Using the line with "五、本次挂牌出让详细资料请参" as your starting point, transcribe it and each line beneath it word for word until the records run out, without pictures.

> _Task data_:
____________
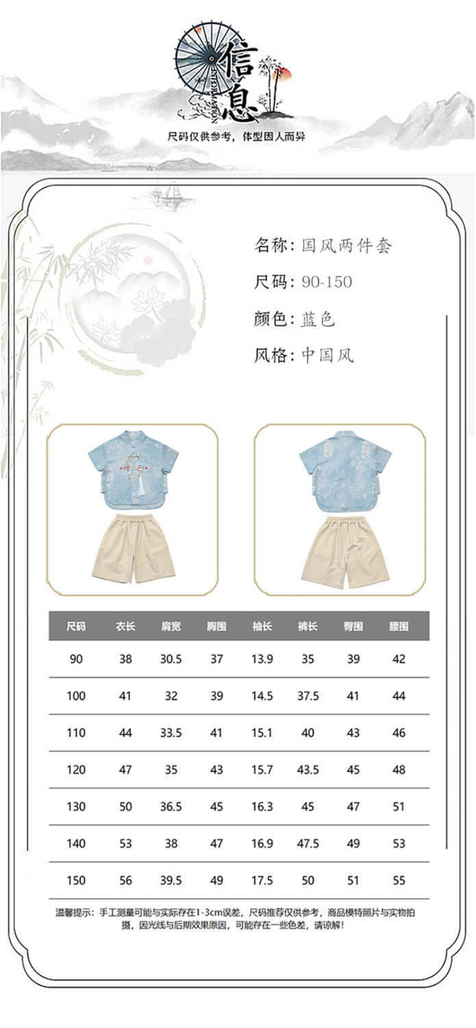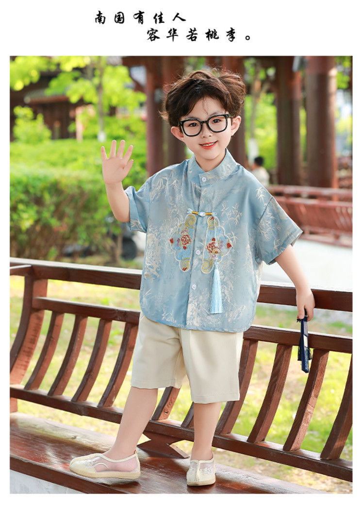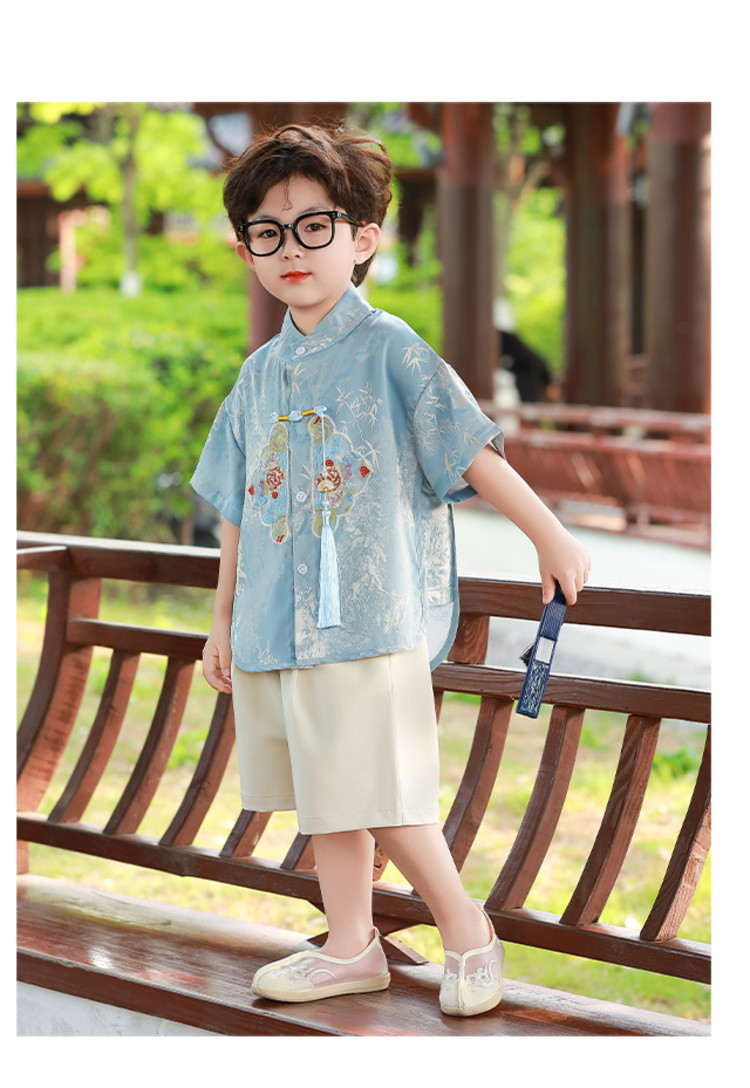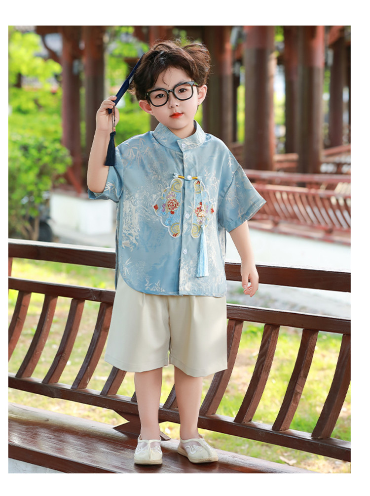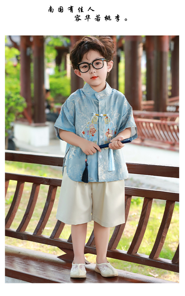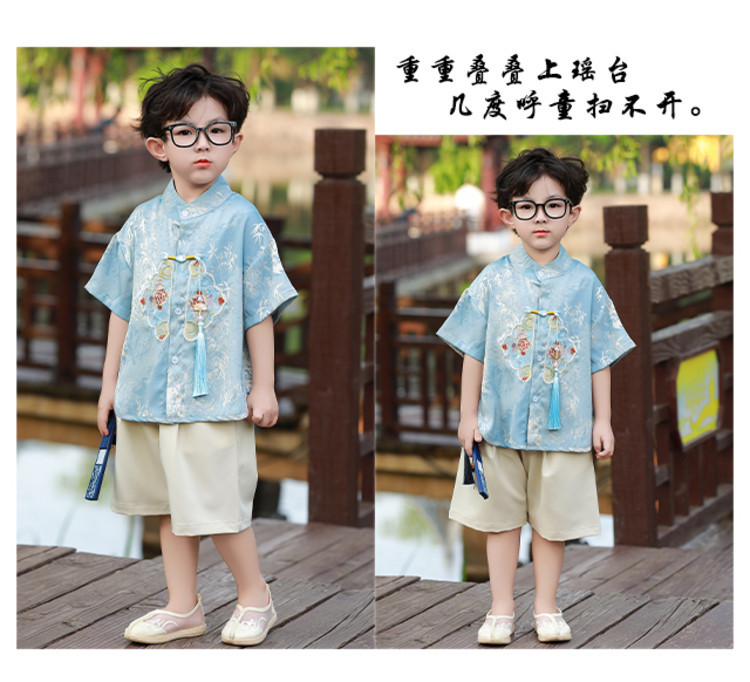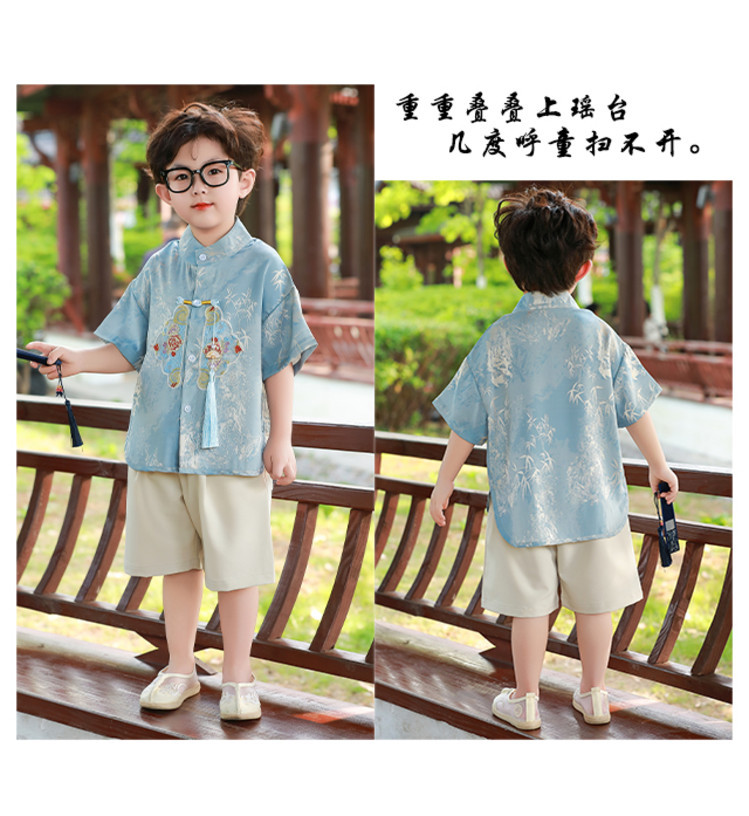 Мальчик Летний комплект с короткими рукавами 2025 новый ребенок красивый китайский стиль новые китайские шорты набор из двух частей
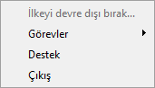 Basitleştirilmiş uygulama arabirimi ekranı için yapılandırılan Kaspersky Security Center ilkesi, Kaspersky Endpoint Security'nin yüklü olduğu bir istemci bilgisayara uygulanıyorsa bu istemci bilgisayarda ana uygulama penceresi kullanılamaz. Aşağıdakileri içeren Kaspersky Endpoint Security simgesinin (aşağıdaki resme bakın) bağlam menüsünü açmak için sağ tıklayın:
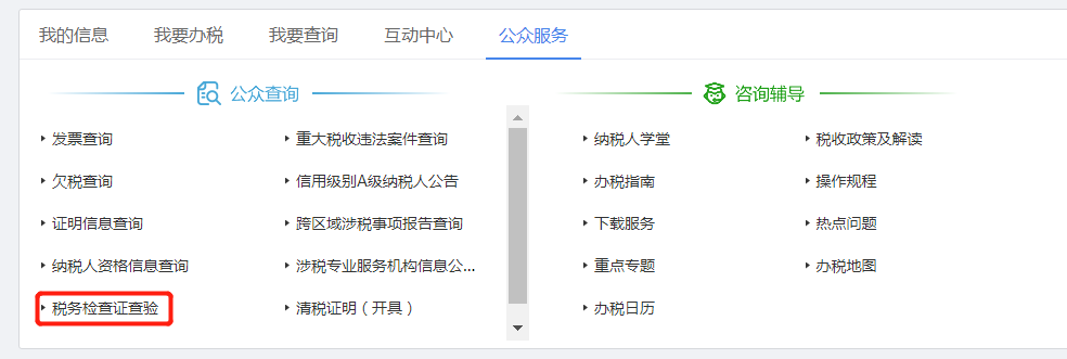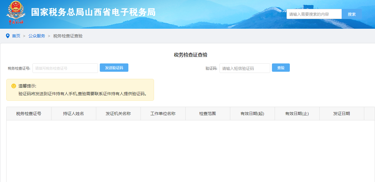 2.填写税务检查证号后给税务人员发送验证码,纳税人填写验证码后完成查验。
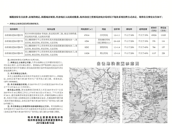 五、本次挂牌出让详细资料请参阅挂牌出让文件。有关挂牌出让文件资料可于2015年8月27日起到杭州市余杭区公共资源交易中心(余杭区临平南大街265号时代广场市民之家三楼)L9号窗口索取。
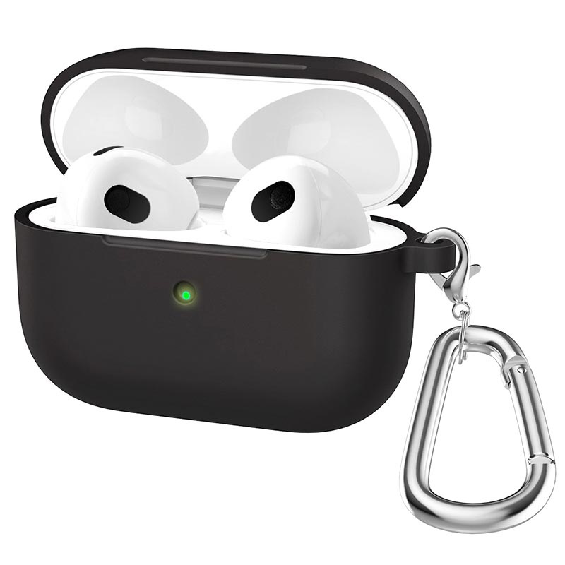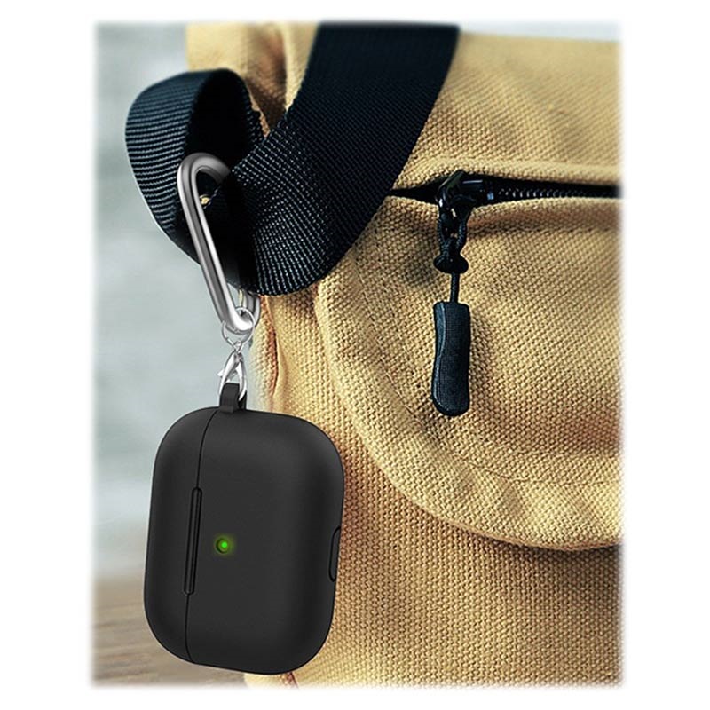 Sätt dina AirPods 3 på ett säkert ställe och håll dem skyddade mot dagliga skador och slitage med detta skal med modern design. Det är tillverkat av mjukt men solitt silikonmaterial och dina AirPods 3 passar perfekt i skalet. Det finns också en utskärning för laddningsporten, så du behöver inte ta av skalet för att kunna ladda hörlurarna. Skalet är utrustat med en karbinhake så du kan hänga det på din ryggsäck eller handväska och minskar risken för att du tappar hörlurarna i marken.
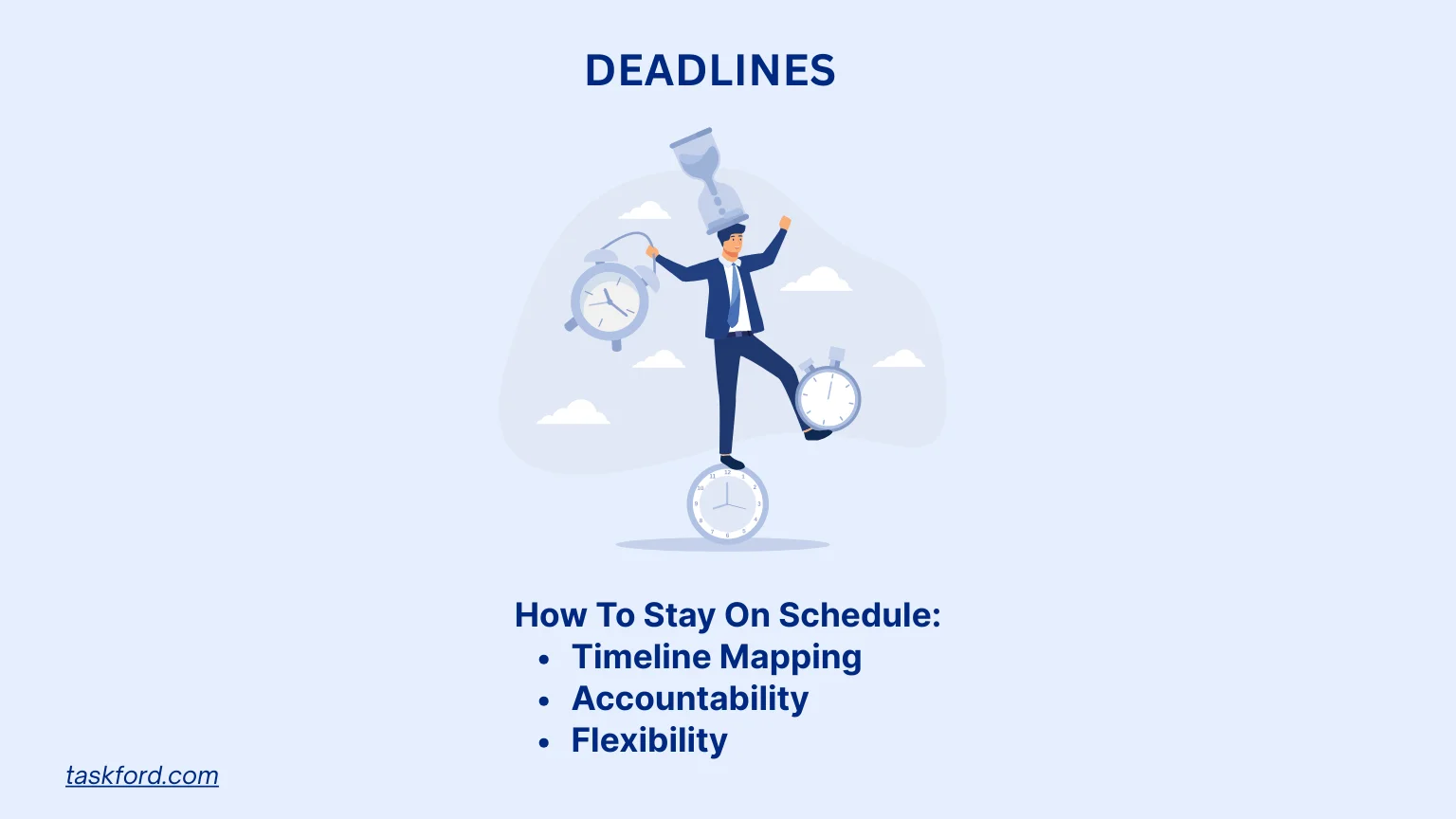 - Flexibility: Unexpected delays, like client feedback, happen. Add buffer time for critical tasks to keep projects on track.
____________
> _Result of this exercise_:
 五、本次挂牌出让详细资料请参阅挂牌出让文件。有关挂牌出让文件资料可于2015年8月27日起到杭州市余杭区公共资源交易中心(余杭区临平南大街265号时代广场市民之家三楼)L9号窗口索取。
 Sätt dina AirPods 3 på ett säkert ställe och håll dem skyddade mot dagliga skador och slitage med detta skal med modern design. Det är tillverkat av mjukt men solitt silikonmaterial och dina AirPods 3 passar perfekt i skalet. Det finns också en utskärning för laddningsporten, så du behöver inte ta av skalet för att kunna ladda hörlurarna. Skalet är utrustat med en karbinhake så du kan hänga det på din ryggsäck eller handväska och minskar risken för att du tappar hörlurarna i marken.
 - Flexibility: Unexpected delays, like client feedback, happen. Add buffer time for critical tasks to keep projects on track.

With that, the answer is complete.